Predictor Variable

What is a Predictor Variable?

Predictor variable, also known sometimes as the independent variable, is used to make a prediction for dependent variables. Predictor variables are extremely common in data science and the scientific method. The predictor variable is the counterpart to the dependent variable, often directly informed or affected by the predictor variable. 

How does a Predictor Variable work?

All experiments examine or deal with some form of variables. Often the variable is not only something that is measured, but it is also manipulated or transformed. The main forms of variables are predictor variables, independent variables, and dependent, or outcome variables. The predictor variable is often mistaken as the independent variable, however they vary slightly in definition. Where an independent variable may be transformed or changed throughout the experiment, the predictor variable is not. When changes do arise with predictor variables, they are often naturally occurring. 

Imagine a teacher is looking to understand the effects of missing class time on grade point average.
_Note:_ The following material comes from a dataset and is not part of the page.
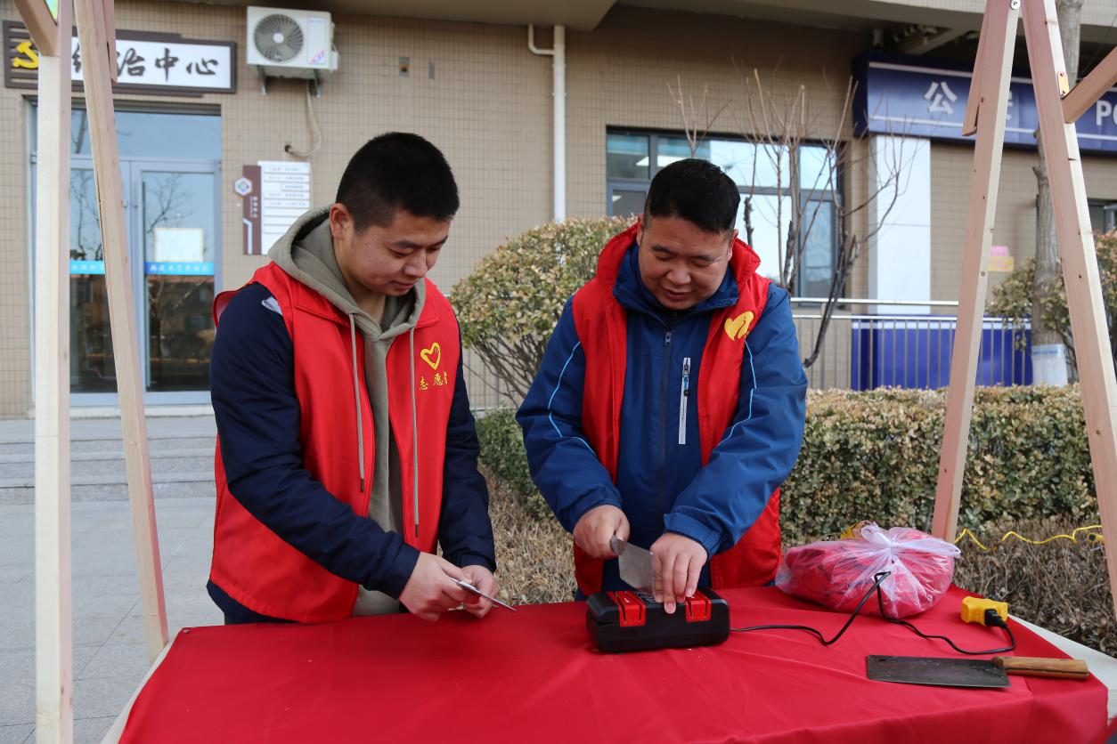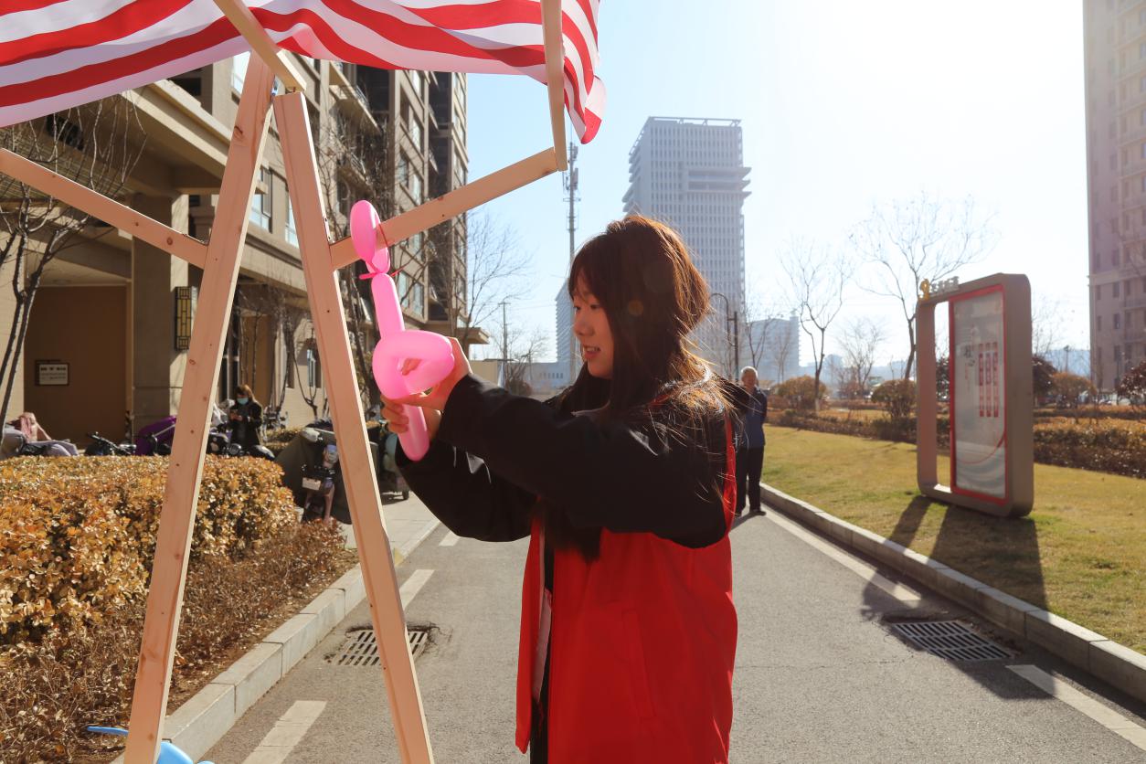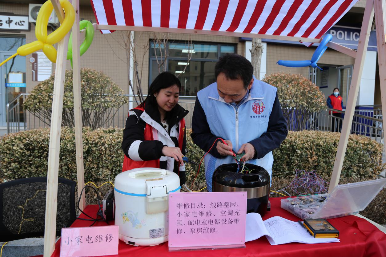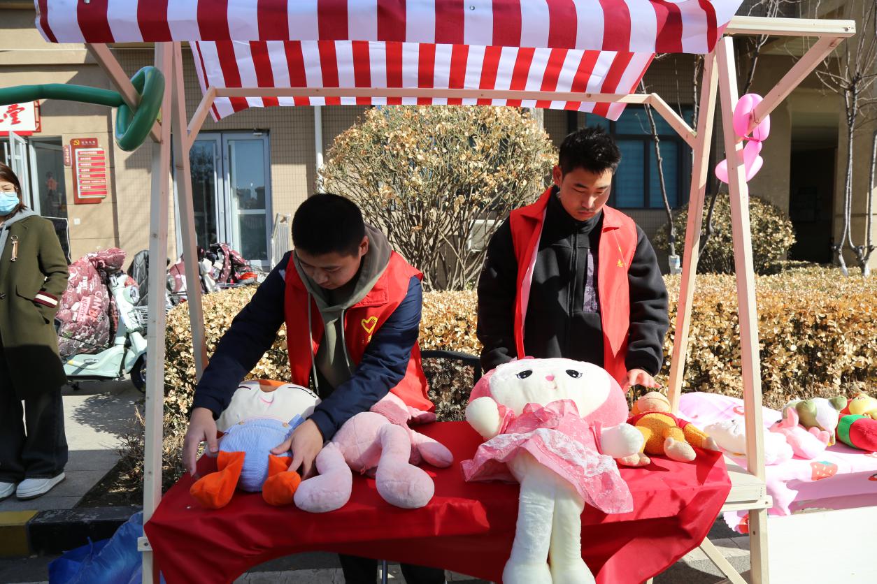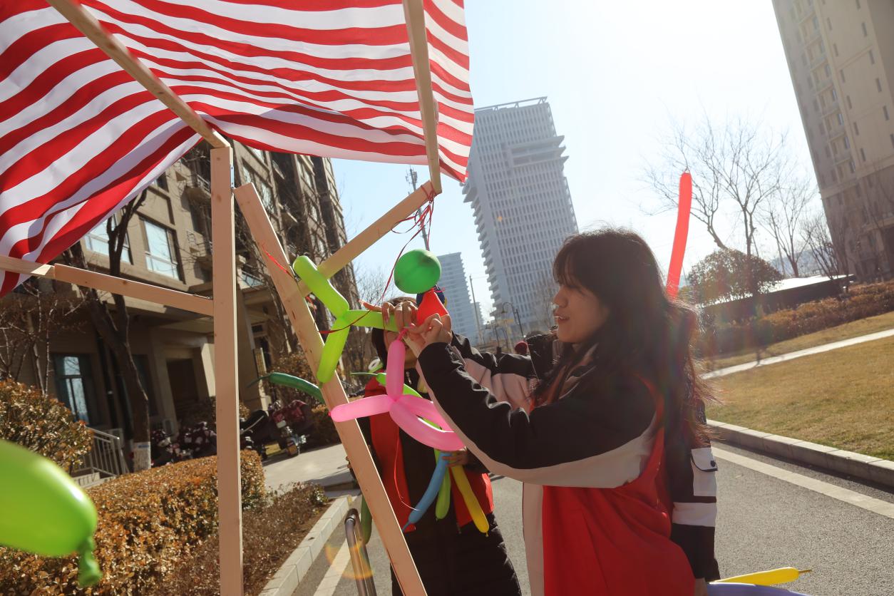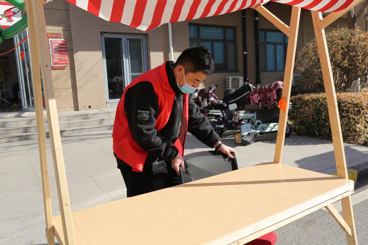 春风送暖,爱满三月。志愿者们早早地来到圣井碧桂园社区党群服务中心,帮助社区工作人员置公益市集摊位,拉横幅、吹气球、摆放桌椅、铺设装饰、搬抬工具。我院志愿在社区工作人员的指导下,完成磨菜刀、裁缝铺、中医问诊、爱心义剪、清洗地垫、家电维修、公益美甲、金融服务、鲜奶酸奶售卖、糖葫芦售卖、旧电动车回收换购、测量血压血糖等十余个摊位的布置工作�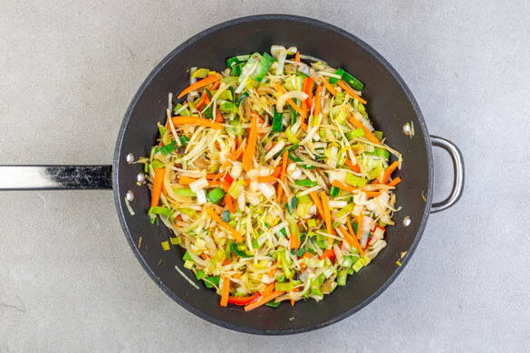 Das Gemüse und die restliche Knoblauch-Ingwer-Paste in der Pfanne mit 1EL Pflanzenöl bei mittlerer bis starker Hitze 2–3Min. braten. Mit der Würzsauce ablöschen, 1–2Min. braten, mit Salz und Limettensaft abschmecken. Die Tortillas mit Gemüse, Tofu, Koriander und Erdnüssen füllen. Mit der Sweet-Chili-Mayo beträufeln und mit den Limettenspalten servieren.

The predictor variable is the attendance rate of the students, and the outcome variable is the grade point average. In theory, the best way to directly study the effects of attendance on grade point average is to take a select group of students and instruct them to skip class entirely, as a control. However, the likelihood of actually doing so is very slim, and borderline unethical. Alternatively, the teacher can look at the naturally occurring attendance rate, and infer the relationship to grade point average that way. By comparing students with lower attendance's GPAs with those with higher attendance rates, the teacher can come to generalized conclusions about attendance. In this situation, the teacher used a predictor variable of attendance, as the variable was not altered throughout the study.